This simple intervention is backed by heartening evidence. For instance, the largest health care system in the United States is the Veterans Health Administration, which operates about 170 hospitals across the country. In response to the persistence of medical errors (many of which occurred in afternoons), a team of physicians at the VA implemented a comprehensive training system across the hospitals (on which Michigan modeled its own efforts) that was built around the concept of more intentional and more frequent breaks, and featured such tools as “laminated checklist cards, whiteboards, paper forms, and wall mounted posters.” One year after the training began, the surgical mortality rate (how often people died during or shortly after surgery) dropped 18 percent.11

Still, for most people, work doesn’t involve paralyzing others and cutting them open—or other life-on-the-line responsibilities such as flying a twenty-seven-ton jet or guiding troops into battle. For the rest of us, another type of break offers a simple way to steer around the dangers of the trough. Call them “restorative breaks.” And to understand them, let’s leave the American Midwest and head to Scandinavia and the Middle East.

FROM THE SCHOOLHOUSE TO THE COURTHOUSE: THE POWER OF RESTORATIVE BREAKS

In chapter 1 we learned about some curious results on Denmark’s national standardized exams. Danish schoolchildren who take the tests in the afternoon score significantly worse than those who take the exams earlier in the day. To a school principal or education policy maker, the response seems obvious: Whatever it takes, move all the tests to the morning. However, the researchers also discovered another remedy, one with applications beyond schools and tests, that is remarkably easy to explain and implement.

When the Danish students had a twenty- to thirty-minute break “to eat, play, and chat” before a test, their scores did not decline. In fact, they increased. As the researchers note, “A break causes an improvement that is larger than the hourly deterioration.”12 That is, scores go down after noon. But scores go up by a higher amount after breaks.

Taking a test in the afternoon without a break produces scores that are equivalent to spending less time in school each year and having parents with lower incomes and less education. But taking the same test after a twenty- to thirty-minute break leads to scores that are equivalent to students spending three additional weeks in the classroom and having somewhat wealthier and better-educated parents. And the benefits were the greatest for the lowest-performing students.
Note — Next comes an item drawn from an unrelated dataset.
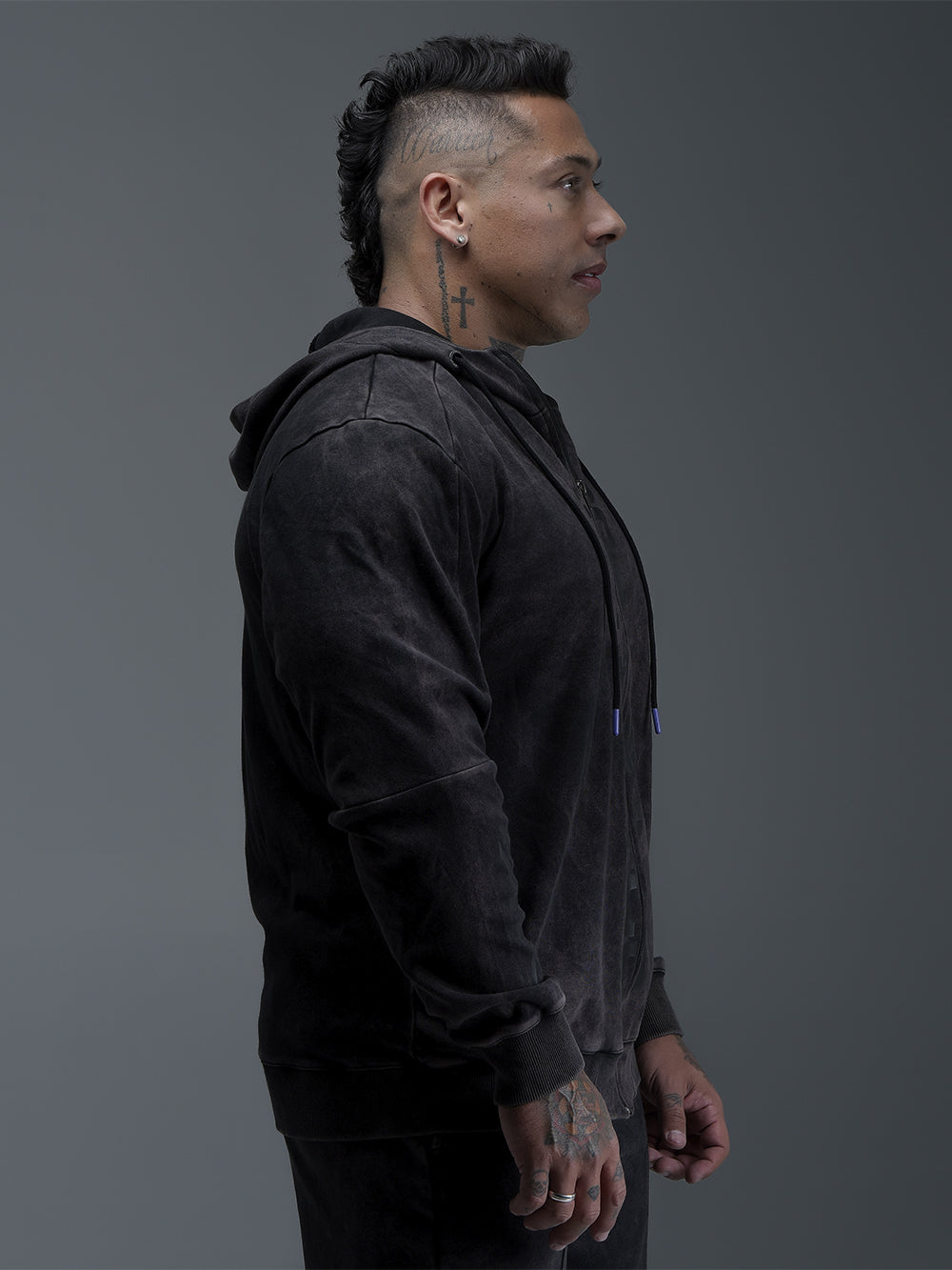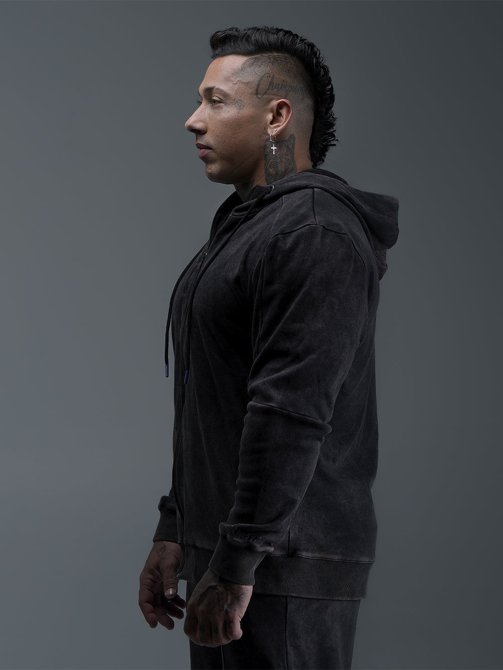 Esta chaqueta deportiva presenta un proceso de lavado en su tela y logo ROOTT+CO, combina estilo y funcionalidad con un diseño central en morado y negro. Confeccionada en una mezcla de 20% algodón y 80% poliéster, ofrece confort y resistencia. Sus puños elásticos garantizan un ajuste seguro, mientras que la capota protege contra el viento y la lluvia, ideal para mantener el rendimiento durante cualquier actividad física.
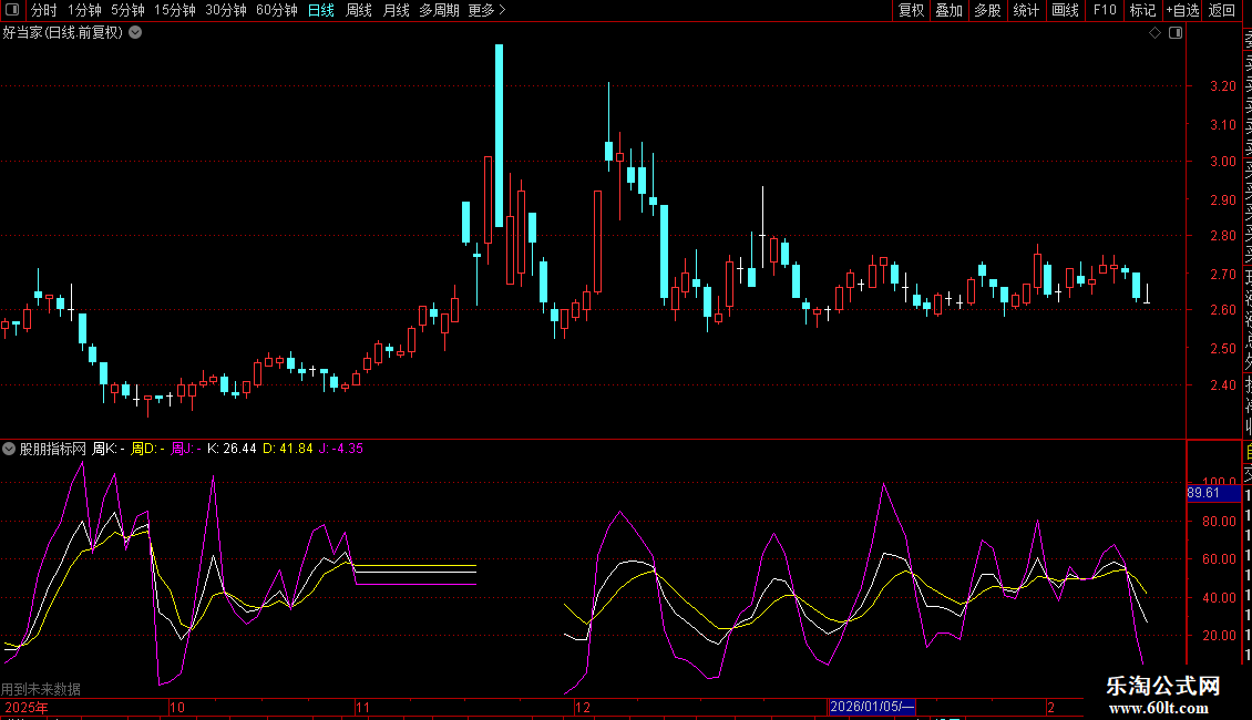 - 叠加显示周KDJ指标,默认从倒数第61根K线开始显示,持续50个周期。

Unfortunately, Danish schools, like many around the world, offer only two breaks each day. Worse, legions of school systems are cutting back on recess and other restorative pauses for students in the name of rigor and—get ready for the irony—higher test scores. But as Harvard’s Francesca Gino, one of the study’s authors, puts it, “If there were a break after every hour, test scores would actually improve over the course of the day.”13

Many younger students underperform during the trough, which risks both providing teachers with an inaccurate sense of their progress and prompting administrators to attribute to what and how students are learning something that is really an issue of when they’re taking a test. “We believe these results to have two important policy implications,” say the researchers who studied the Danish experience. “[F]irst, cognitive fatigue should be taken into consideration when deciding on the length of the school day and the frequency and duration of breaks. Our results show that longer school days can be justified, if they include an appropriate number of breaks. Second, school accountability systems should control for the influence of external factors on test scores . . . a more straightforward approach would be to plan tests as closely after breaks as possible.”14

Perhaps it makes sense that a cup of apple juice and a few minutes to run around works wonders for eight-year-olds solving arithmetic problems. But restorative breaks have a similar power for adults with weightier responsibilities.

In Israel, two judicial boards process about 40 percent of the country’s parole requests. At their helm are individual judges whose job is to hear prisoners’ cases one after another and make decisions about their fate. Should this prisoner be released because she’s served enough time on her sentence and shown sufficient signs of rehabilitation? Should that one, already granted parole, now be permitted to move about without his tracking device?

Judges aspire to be rational, deliberative, and wise, to mete out justice based on the facts and the law. But judges are also human beings subject to the same daily rhythms as the rest of us. Their black robes don’t shelter them from the trough. In 2011 three social scientists (two Israelis and one American) used data from these two parole boards to examine judicial decision-making. They found that, in general, judges were more likely to issue a favorable ruling— granting the prisoner parole or allowing him to remove an ankle monitor—in the morning than in the afternoon. (The study controlled for the type of prisoner, the severity of the offense, and other factors.) But the pattern of decision-making was more complicated, and more intriguing, than a simple a.m./p.m. divide.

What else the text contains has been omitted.